▸ **Input data**:
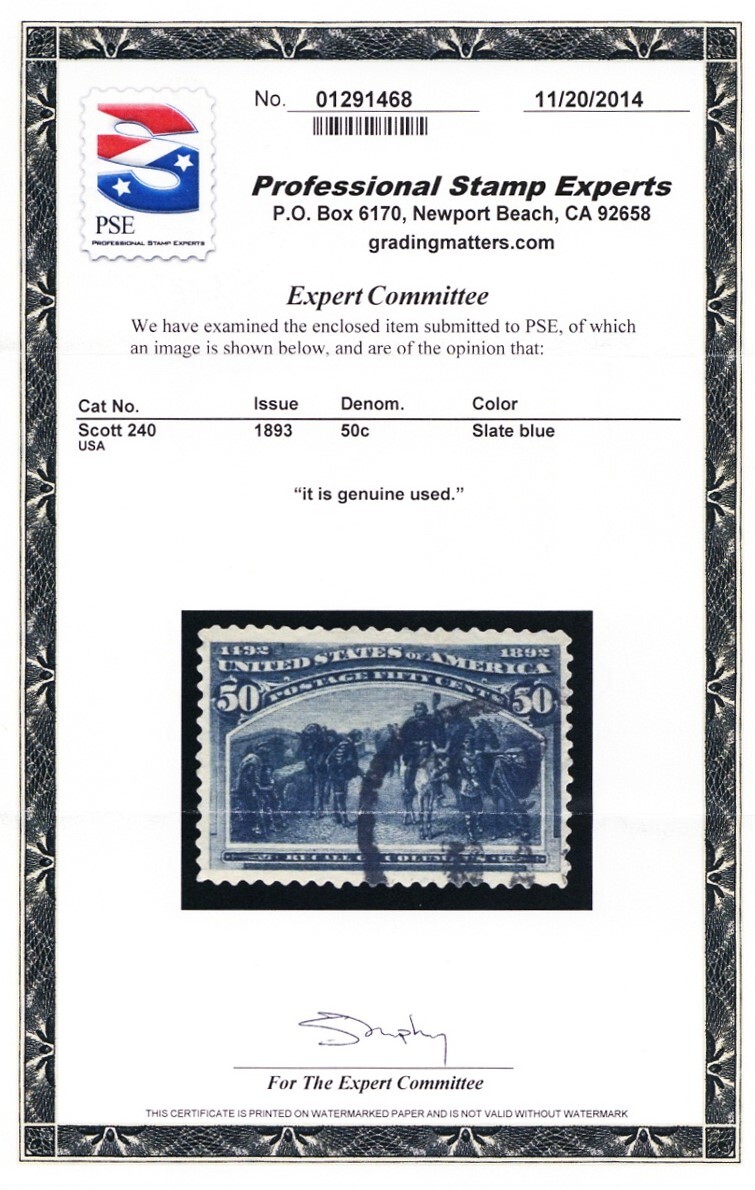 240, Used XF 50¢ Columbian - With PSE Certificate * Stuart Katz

---

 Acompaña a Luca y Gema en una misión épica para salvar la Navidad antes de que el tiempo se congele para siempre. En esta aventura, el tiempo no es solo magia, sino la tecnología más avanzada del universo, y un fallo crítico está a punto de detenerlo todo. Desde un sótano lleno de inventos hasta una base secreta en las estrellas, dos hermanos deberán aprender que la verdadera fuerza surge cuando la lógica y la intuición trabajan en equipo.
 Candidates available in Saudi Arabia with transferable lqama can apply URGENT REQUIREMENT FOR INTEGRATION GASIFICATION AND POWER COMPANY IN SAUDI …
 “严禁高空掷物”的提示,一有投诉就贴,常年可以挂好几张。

▸ **Exercise brief**: From the listing above, the lines starting with the one that has "Acompaña a Luca" and running through the one that has "Candidates available in" should be copied exactly, ends included.

▸ **Solved exercise**:
 Acompaña a Luca y Gema en una misión épica para salvar la Navidad antes de que el tiempo se congele para siempre. En esta aventura, el tiempo no es solo magia, sino la tecnología más avanzada del universo, y un fallo crítico está a punto de detenerlo todo. Desde un sótano lleno de inventos hasta una base secreta en las estrellas, dos hermanos deberán aprender que la verdadera fuerza surge cuando la lógica y la intuición trabajan en equipo.
 Candidates available in Saudi Arabia with transferable lqama can apply URGENT REQUIREMENT FOR INTEGRATION GASIFICATION AND POWER COMPANY IN SAUDI …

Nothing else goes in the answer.